Written by Vasilis Vasilopoulos, DPO of ERT

Checking your credit card purchases you seem to be consuming a lot of snack, alcohol and fast food, and only a small part of your purchases in healthy foods such as vegetables, proteins and fruits. The fatty food that the machine can understand you buy   is registered on the screen of your insurer, who adversely changes the terms of your contract.

The insurance company has been notified of your low risk of heart disease, but the life you lead, according to what you say in your Instagram posts, probably puts you in the high risk groups, as you always keep a cigarette and a glass of alcohol while you are with friends at a bar. The insurer will not let his company risk with you.

If you think that all the above are scripts written for Netflix movies, then what happens now with surveillance capitalism can be easily explained. Because these scenarios really happen! In fact, your follow-up continues in every venue, in any online environment or smart device. If you are indifferent about your personal data, it is even worse to ignore the fact that those who collect them earn money from coming to conclusions from them.

Understanding the knowledge gap is terrifying. As every Bank assesses your creditworthiness to identify a bad payer who makes a comfortable life avoiding debt repayment, insurance companies also want to know, before and after signing a contract with you, anything that relates to your health and the quality of life you live. On the other hand recruiters would like to know everything about you and your social life. They would like to find out if you are in bed with a fever or at some recreation area and you deceived your employer.

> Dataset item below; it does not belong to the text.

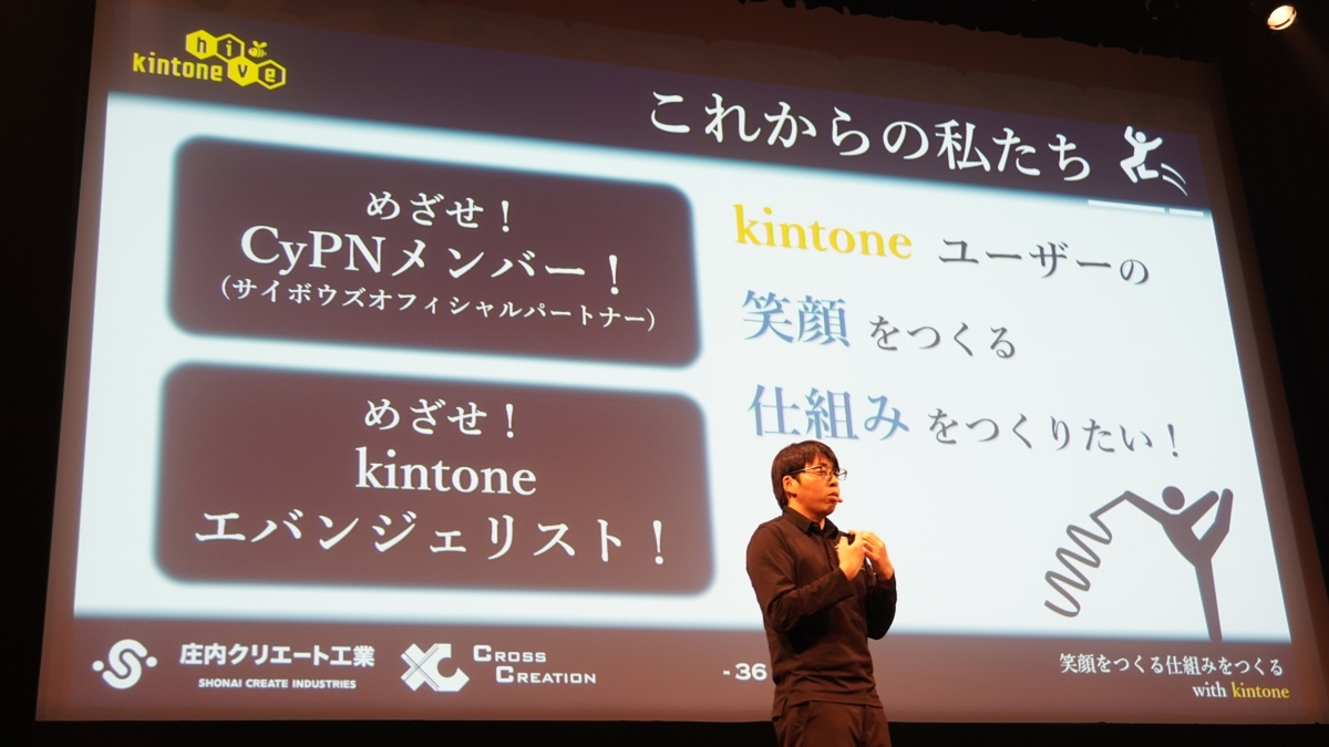 今後は、kintoneのカイゼンを社外にも広げていく予定だ。サイボウズのオフィシャルパートナーやkintoneのエバンジェリストを目指し、今度は“kintoneユーザーの笑顔”を生み出していく。

The knowledge gap that can be defined as a lack of understanding of the ability of the algorithm to draw conclusions, which reduce losses or increase profits to the surveillant, is due to the unceasing rate of digital tools and the one-way   convenience, the charm of the comfort zone in work life, consumption of goods and our social relations.

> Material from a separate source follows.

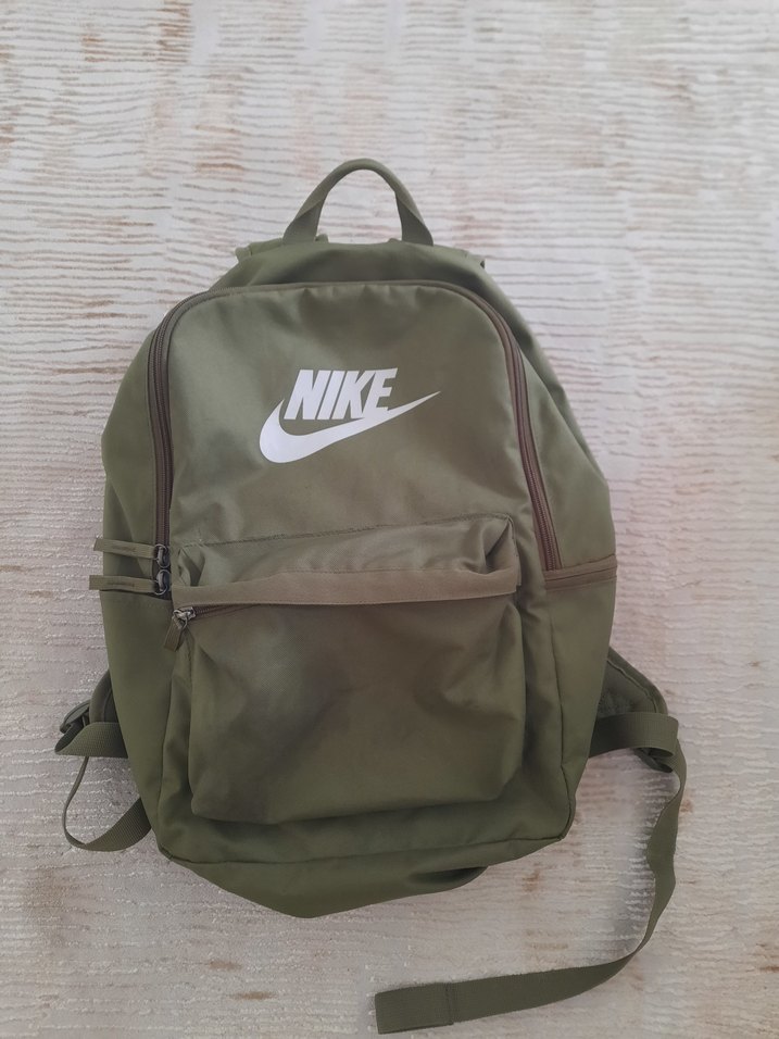 Nike marka yeşil renkli, fermuarlı ceplere sahip sırt çantasıdır. Günlük kullanım için sade ve fonksiyonel tasarıma sahiptir.

Even worse, you cannot understand how you will lose something important, if the unknown who collects your data gain maximum profit. In other words, you cannot understand that you have sold your self-determination right to do what you want, enjoying a temporary sense of comfort and ease. For example, at the first level of   lack of understanding   algorithmic conclusions, you behave to your data as if they were worthless. On the second level, you realize that the algorithmic conclusion made from spying on your life significantly adds value to the one who took your data. Additionally, you are not sure if what you provided is a commodity that you exchanged with a free service of convenience, or a currency with which you bought luxury service for your everyday life.

There are tremendous questions you need to have answers to. To whom your data belong? Is data a commodity or a currency? Can be disconnected from yourself or are genetic features that define and allow you to decide on your life?

You can just do two evaluation tests yourself and you will get the answers that concern you:

-If you did not take up credit card convenience or if you did not follow the moments of entertainment and consumption of luxury goods, would you be losing or gaining from some algorithmic processing or more generally in your life?

-If you want to make yourself more secure of your privacy or hide from surveillance and the possible damage to your rights and freedoms, would this be a violent punishment or joy of celebrity since you reveal aspects of your personality, your relationships and behavior?